Yolanda Braun-Moscovici

Alexandra Balbir-Gurman

Irit Avivi

Arik Shechter

Daniela Berdnik

Tony Wyss-Coray

Doron Melamed

Affiliations

Soon will be listed here.

Abstract

Loss of B lymphocyte regeneration in the bone marrow (BM) is an immunologic hallmark of advanced age, which impairs the replenishment of peripheral B-cell subsets and results in impaired humoral responses, thereby contributing to immune system dysfunction associated with aging. A better understanding of the mechanism behind this loss may suggest ways to restore immune competence and promote healthy aging.
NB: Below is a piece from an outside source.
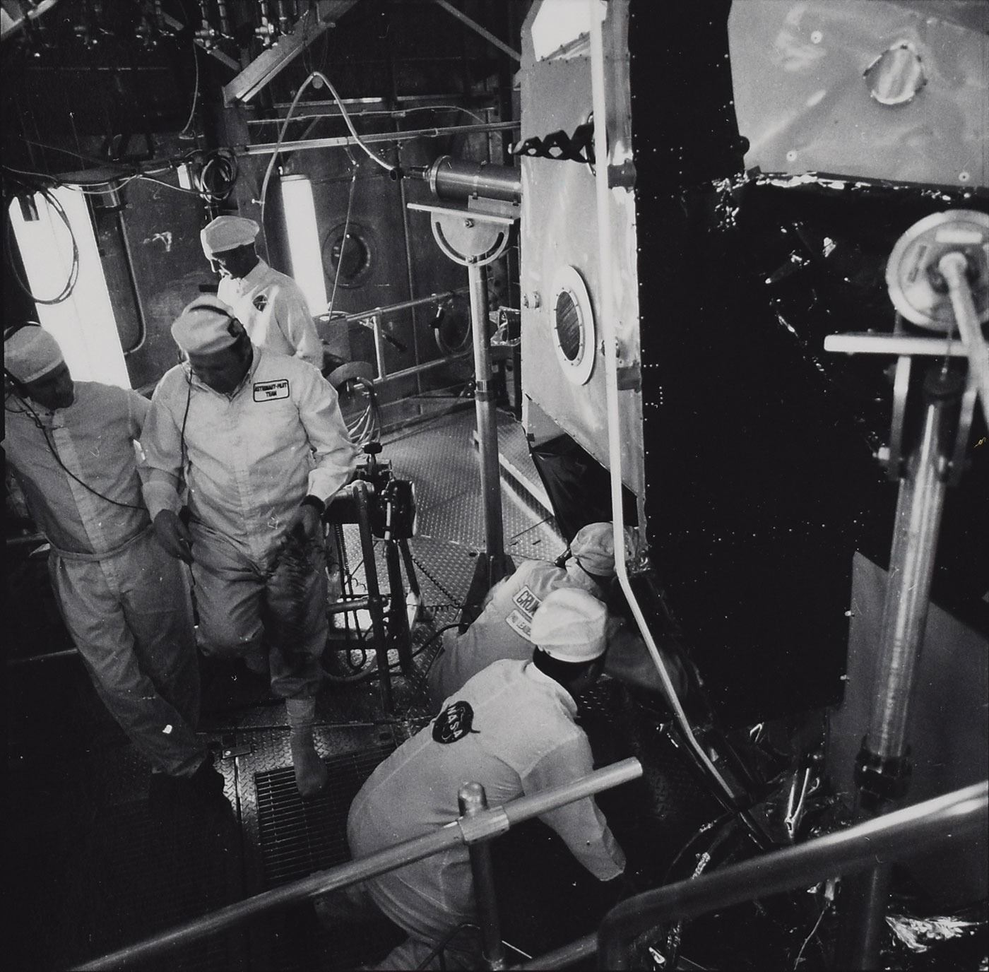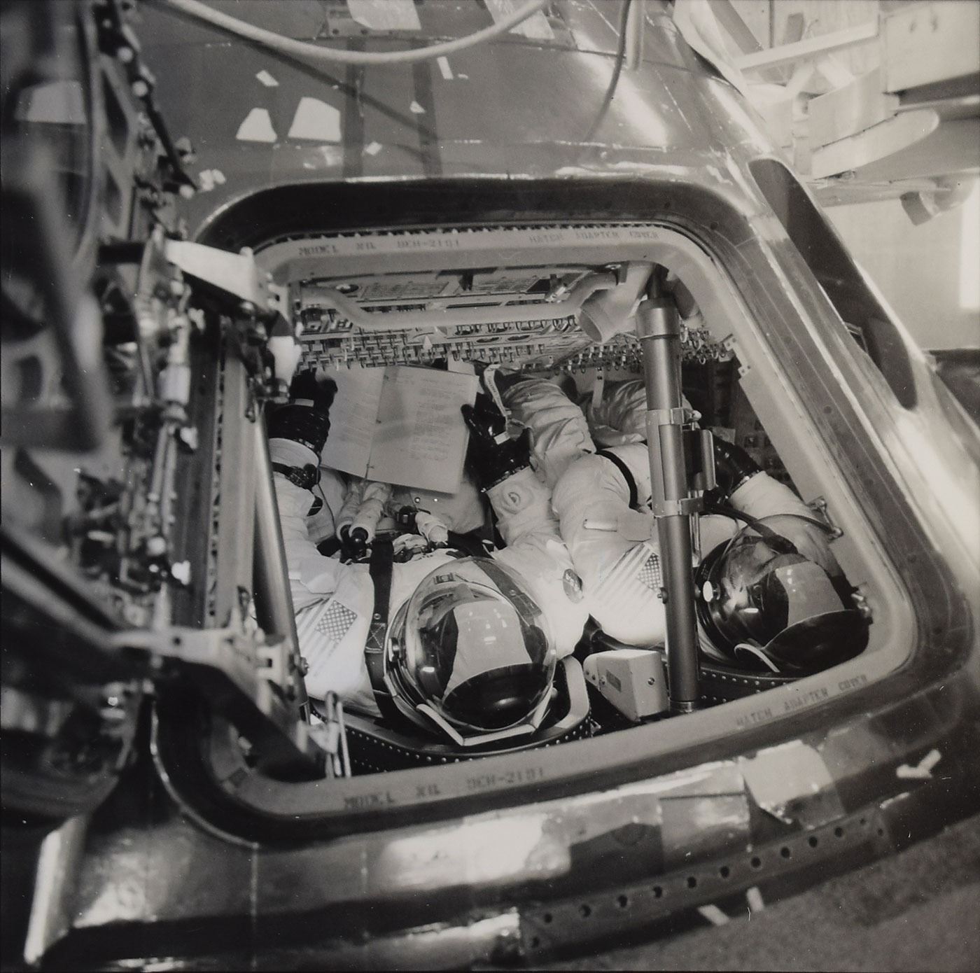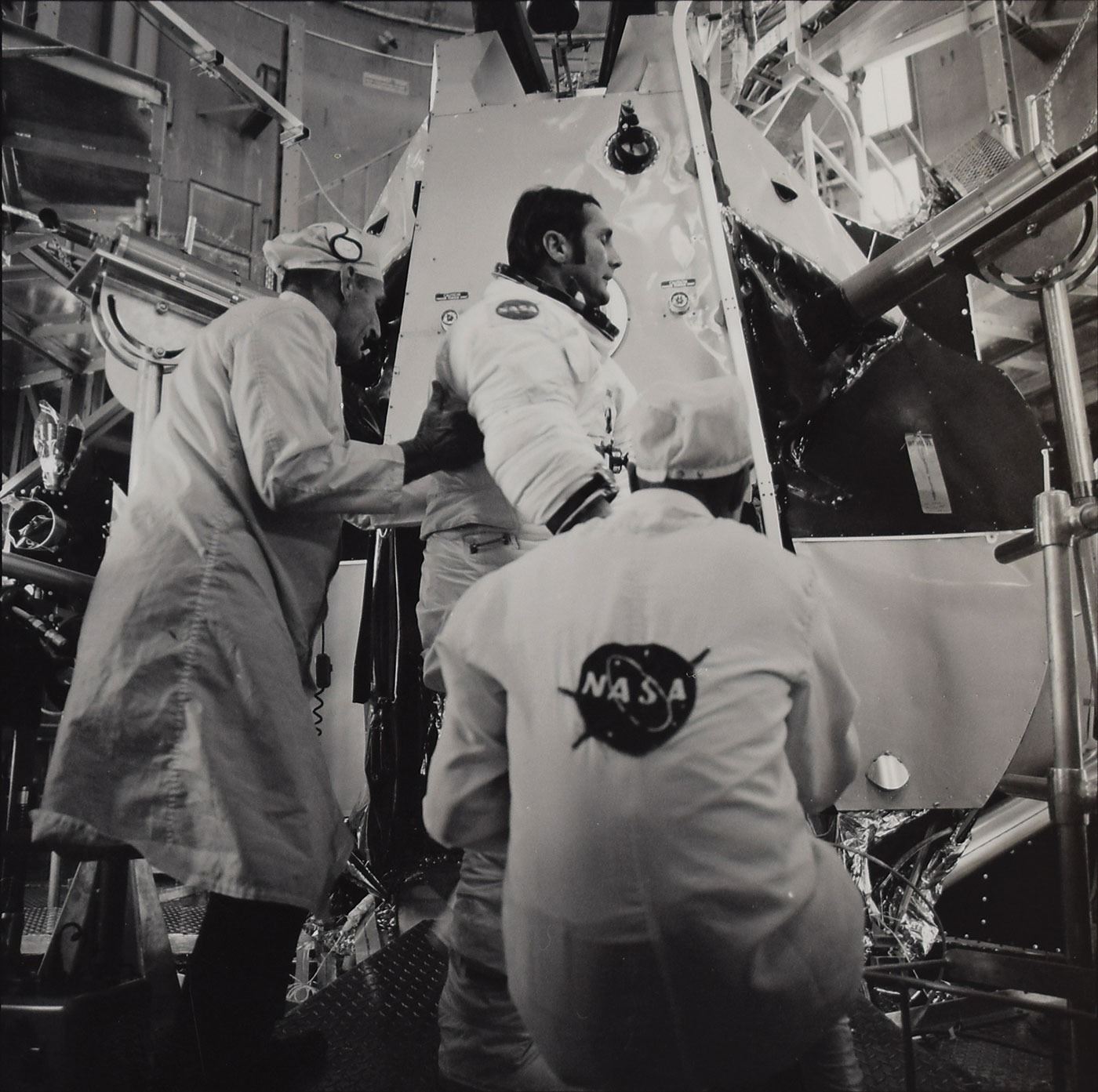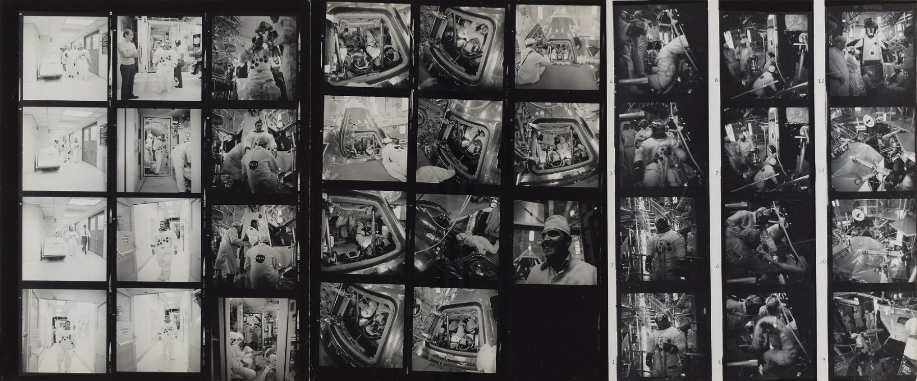 Three vintage original glossy 8 x 10 NASA contact sheets, each containing 12 images of the Apollo 15 backup crew of Richard Gordon, Vance Brand, and Harrison Schmitt as they undergo altitude chamber tests at the Kennedy Space Center. Reverse of each bears purple NASA caption text. In overall fine condition.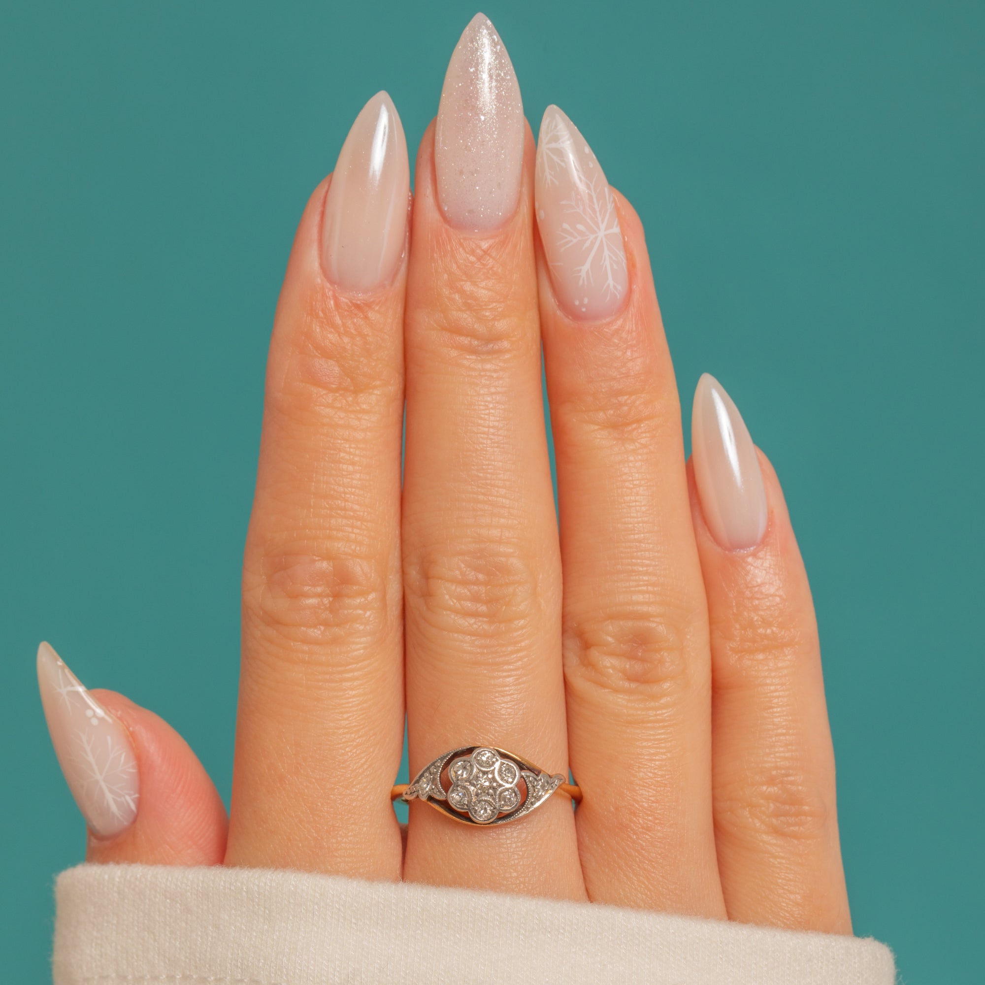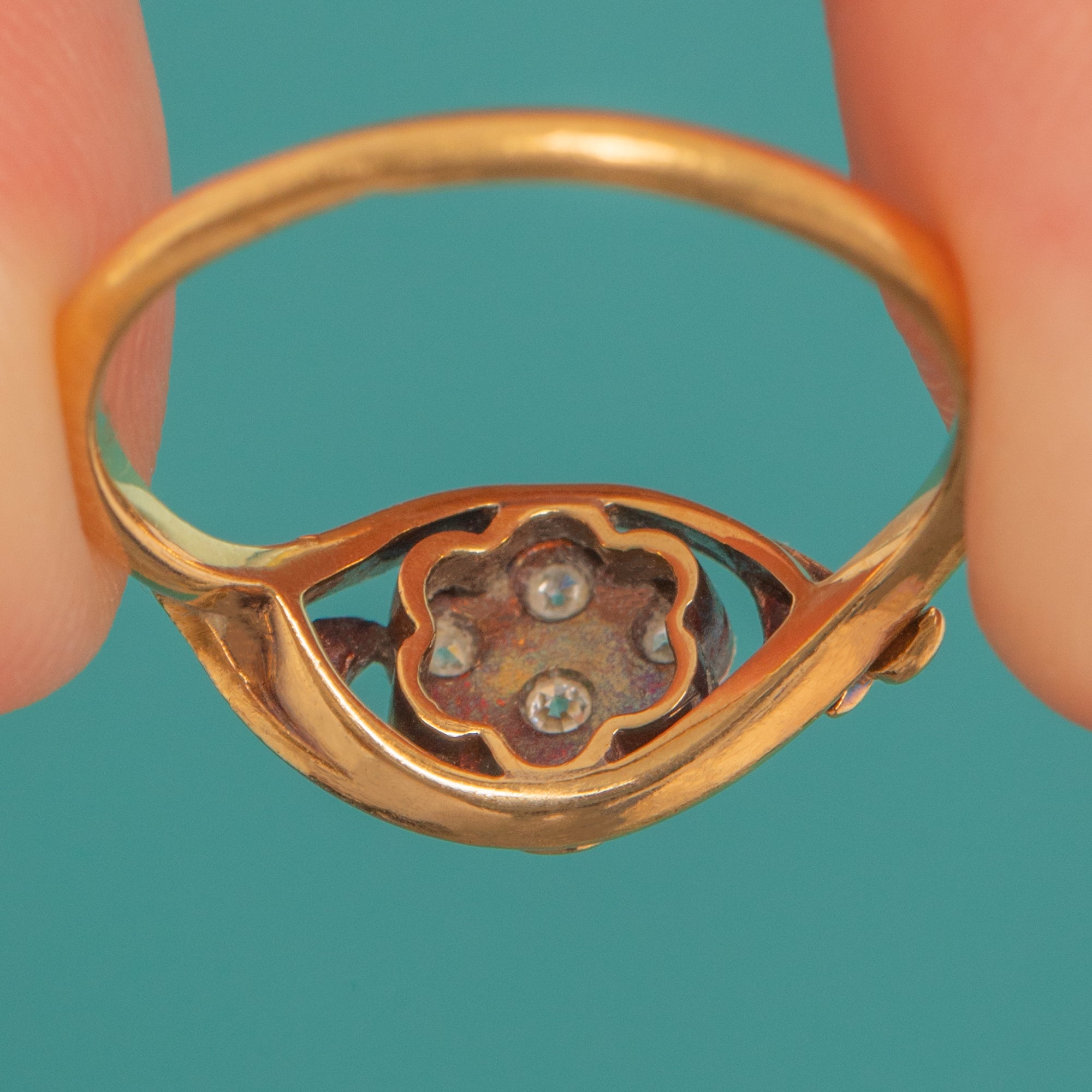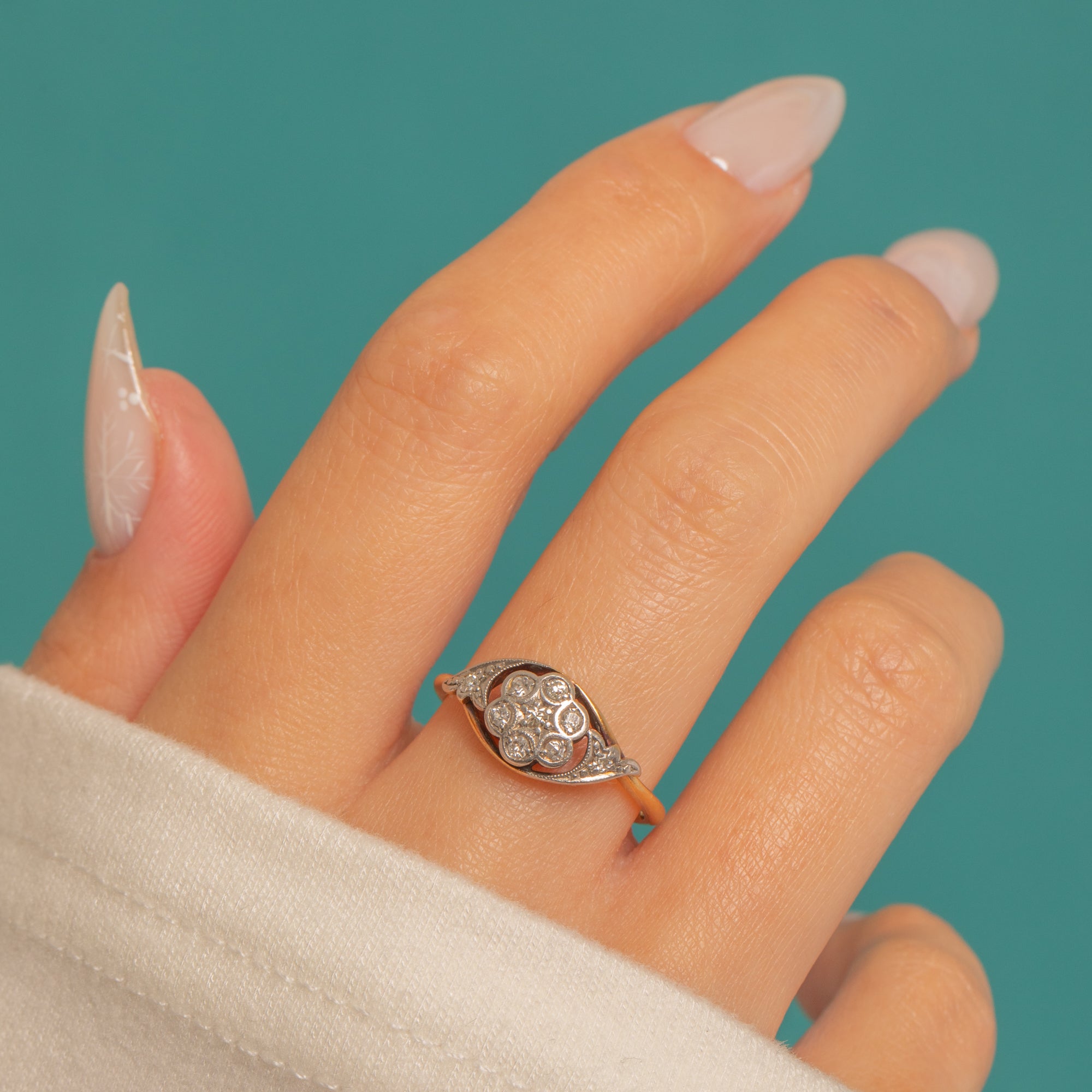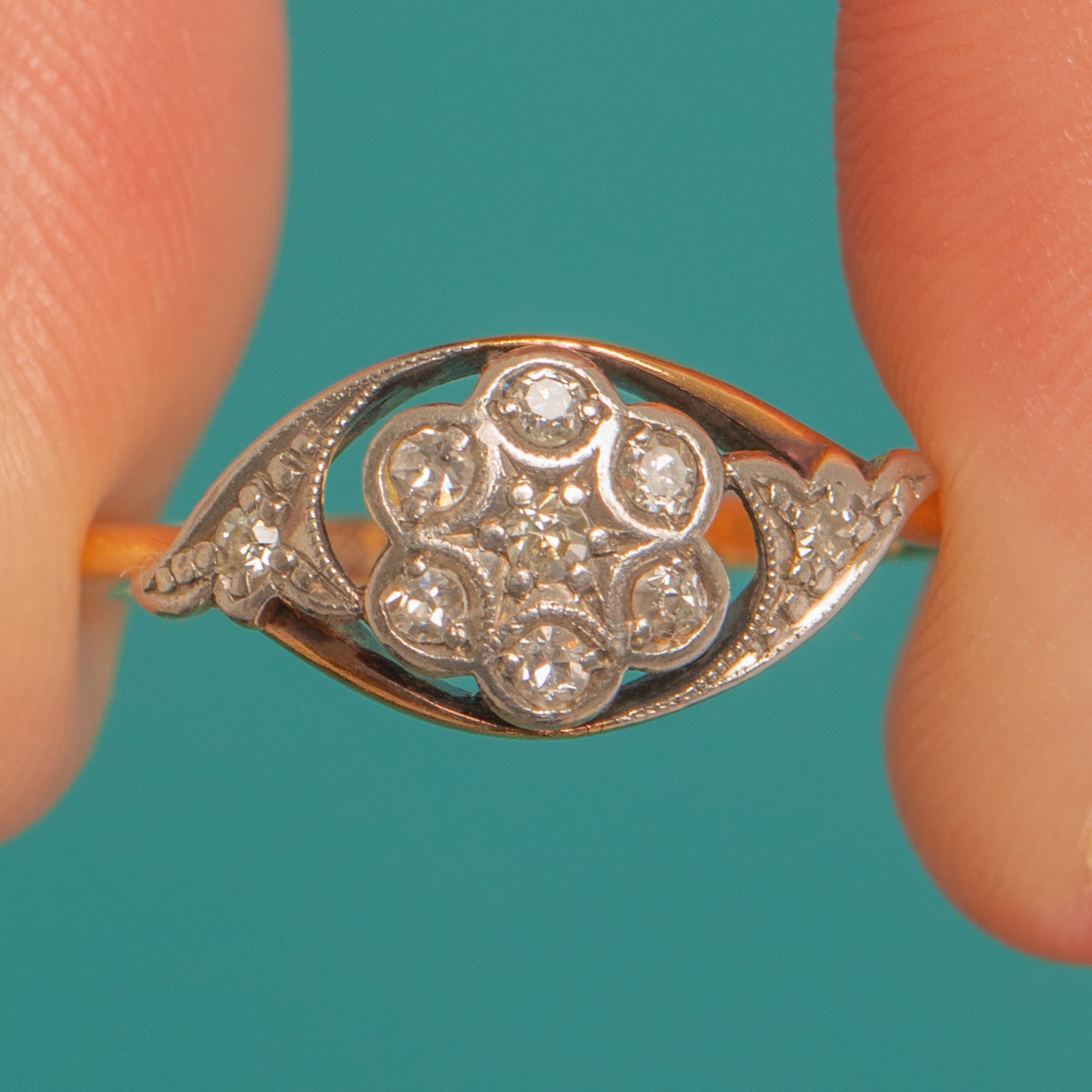 A delicate whisper of Edwardian elegance, this two-tone flower cluster ring pairs Platinum illusion settings with a warm 18ct Gold shank. At its heart sits a charming Diamond rosette framed by fine milgrain, with tiny Diamond accents at the shoulders for a refined glimmer. The low-profile and subtle open backs showcase that crisp, early 20th-century craftsmanship, with a touch of darkened contrast within the setting that makes the Diamonds pop.

In this study, we uncover an immune-endocrine regulatory circuit that mediates cross-talk between peripheral B cells and progenitors in the BM, to balance B-cell lymphopoiesis in both human and mouse aging. We found that tumor necrosis factor α (TNF-α), which is increasingly produced by peripheral B cells during aging, stimulates the production of insulin-like growth factor-binding protein 1 (IGFBP-1), which binds and sequesters insulin-like growth factor 1 (IGF-1) in the circulation, thereby restraining its activity in promoting B-cell lymphopoiesis in the BM. Upon B-cell depletion in aging humans and mice, circulatory TNF-α decreases, resulting in increased IGF-1 and reactivation of B-cell lymphopoiesis. Perturbation of this circuit by administration of IGF-1 to old mice or anti-TNF-α antibodies to human patients restored B-cell lymphopoiesis in the BM. Thus, we suggest that in both human and mouse aging, peripheral B cells use the TNF-α/IGFBP-1/IGF-1 axis to repress B-cell lymphopoiesis. This trial was registered at www.clinicaltrials.govas#NCT00863187.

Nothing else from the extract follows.